Dataset records
_ _ _ _
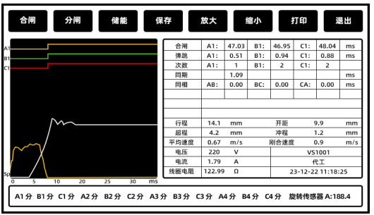儀的打印功能將測試結果打印出來,或利用數據接口將數據導出至計算機進行更深入的分析。例如,如果三相的分合閘時間差異較
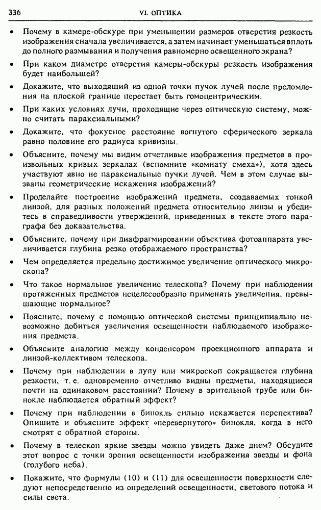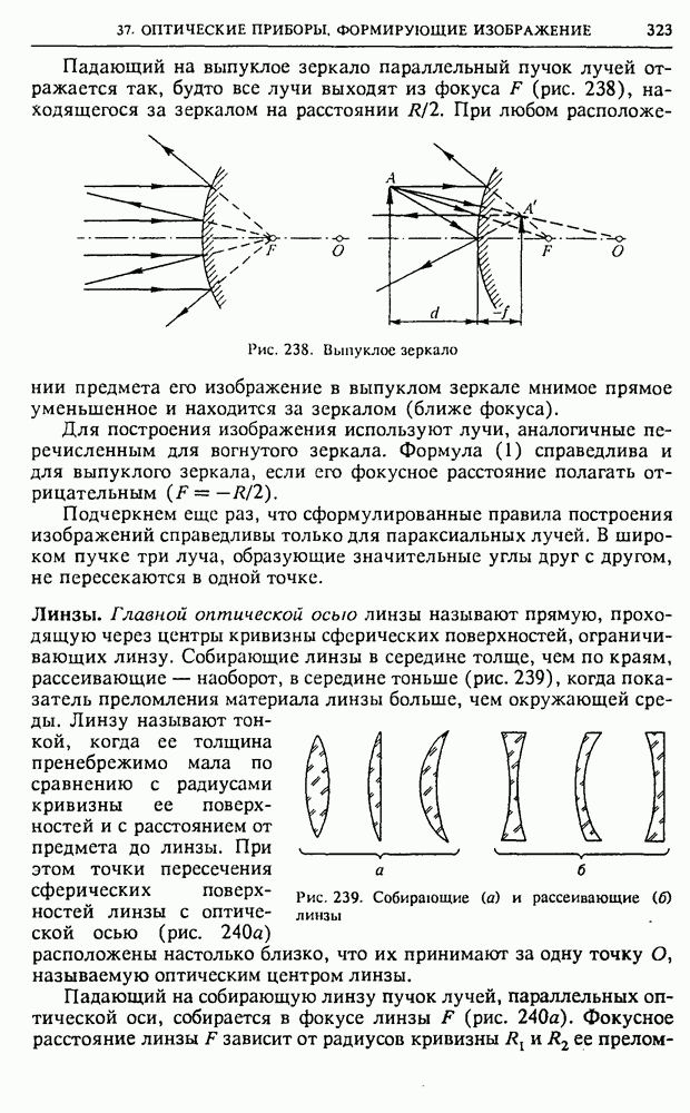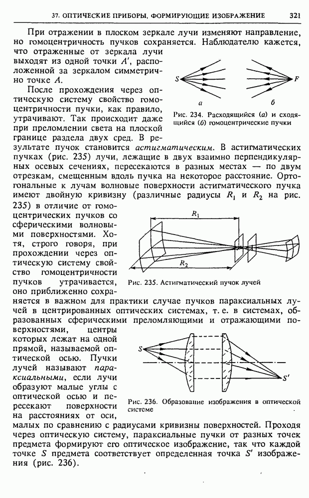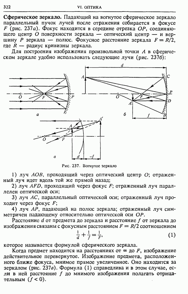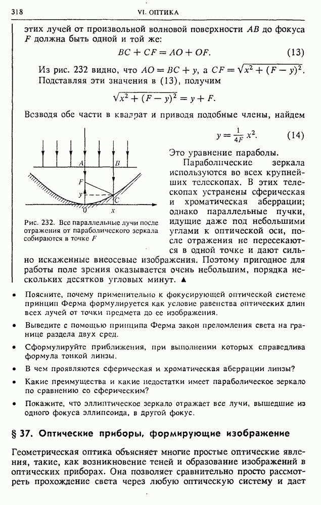 Рис. 232. Все параллельные лучи после отражения от параболического зеркала собираются в точке Параболические зеркала используются во всех крупнейших телескопах. В этих телескопах устранены сферическая и хроматическая аберрации; однако параллельные пучки, идущие даже под небольшими углами к оптической оси, после отражения не пересекаются в одной точке и дают сильно искаженные внеосевые изображения. Поэтому пригодное для работы поле зрения оказывается очень небольшим, порядка нескольких десятков угловых минут, • Поясните, почему применительно к фокусирующей оптической системе принцип Ферма формулируется как условие равенства оптических длин всех лучей от точки предмета до ее изображения. • Выведите с помощью принципа Ферма закон преломления света на границе раздела двух сред. • Сформулируйте приближения, при выполнении которых справедлива формула тонкой линзы. • В чем проявляются сферическая и хроматическая аберрации линзы? • Какие преимущества и какие недостатки имеет параболическое зеркало по сравнению со сферическим? • Покажите, что эллиптическое зеркало отражает все лучи, вышедшие из одного фокуса эллипсоида, в другой фокус.
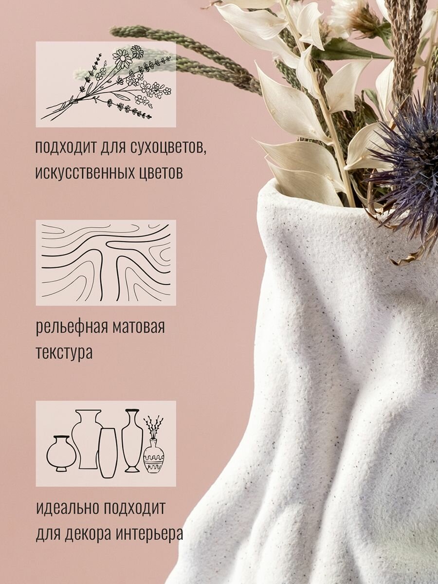 Ваза интерьерная декоративная из фарфора 19см, белая с фактурным матовым покрытием информация:
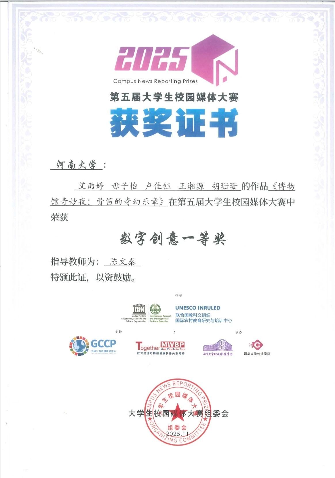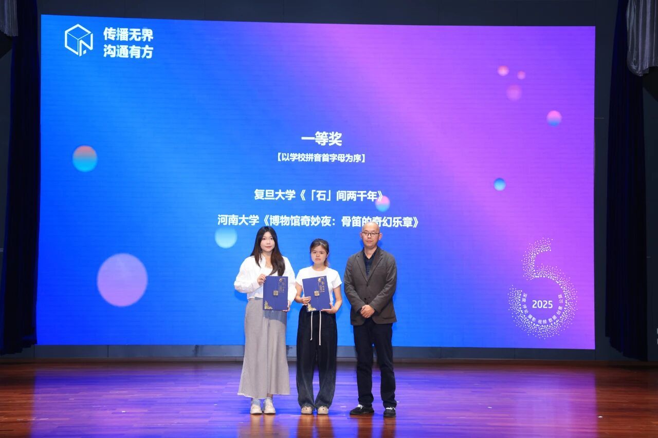 在本次大赛中,由我院视频协会成员(2024级广告学专业艾雨婷、毋子怡;2024级编辑出版学专业卢佳钰;2024级网络与新媒体专业王湘源;2023级编辑出版学专业胡珊珊)集体创作,广告系主任陈文泰指导的作品《博物馆奇妙夜:骨笛的奇幻乐章》获数字创意全国一等奖。
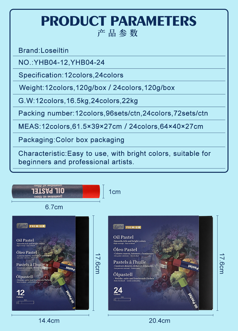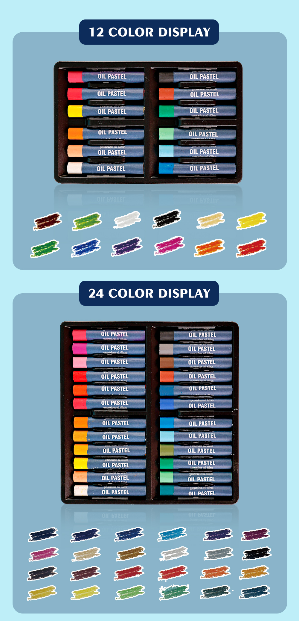 Loseiltin Premium Oil Pastel Set offers smooth, rich, and vibrant colors that blend beautifully on paper or canvas. Available in 12 or 24 colors, these high-quality oil pastels are designed for both beginners and professional artists. Packaged in a durable color box, they deliver excellent color coverage and easy application — ideal for sketching, layering, and fine art creations.
_ _ _ _
WORK ITEM: Write the records out again exactly; none of the pictures belong in the copy.

EXERCISE RESULT:
儀的打印功能將測試結果打印出來,或利用數據接口將數據導出至計算機進行更深入的分析。例如,如果三相的分合閘時間差異較
 Рис. 232. Все параллельные лучи после отражения от параболического зеркала собираются в точке Параболические зеркала используются во всех крупнейших телескопах. В этих телескопах устранены сферическая и хроматическая аберрации; однако параллельные пучки, идущие даже под небольшими углами к оптической оси, после отражения не пересекаются в одной точке и дают сильно искаженные внеосевые изображения. Поэтому пригодное для работы поле зрения оказывается очень небольшим, порядка нескольких десятков угловых минут, • Поясните, почему применительно к фокусирующей оптической системе принцип Ферма формулируется как условие равенства оптических длин всех лучей от точки предмета до ее изображения. • Выведите с помощью принципа Ферма закон преломления света на границе раздела двух сред. • Сформулируйте приближения, при выполнении которых справедлива формула тонкой линзы. • В чем проявляются сферическая и хроматическая аберрации линзы? • Какие преимущества и какие недостатки имеет параболическое зеркало по сравнению со сферическим? • Покажите, что эллиптическое зеркало отражает все лучи, вышедшие из одного фокуса эллипсоида, в другой фокус.
 Ваза интерьерная декоративная из фарфора 19см, белая с фактурным матовым покрытием информация:
 在本次大赛中,由我院视频协会成员(2024级广告学专业艾雨婷、毋子怡;2024级编辑出版学专业卢佳钰;2024级网络与新媒体专业王湘源;2023级编辑出版学专业胡珊珊)集体创作,广告系主任陈文泰指导的作品《博物馆奇妙夜:骨笛的奇幻乐章》获数字创意全国一等奖。
 Loseiltin Premium Oil Pastel Set offers smooth, rich, and vibrant colors that blend beautifully on paper or canvas. Available in 12 or 24 colors, these high-quality oil pastels are designed for both beginners and professional artists. Packaged in a durable color box, they deliver excellent color coverage and easy application — ideal for sketching, layering, and fine art creations.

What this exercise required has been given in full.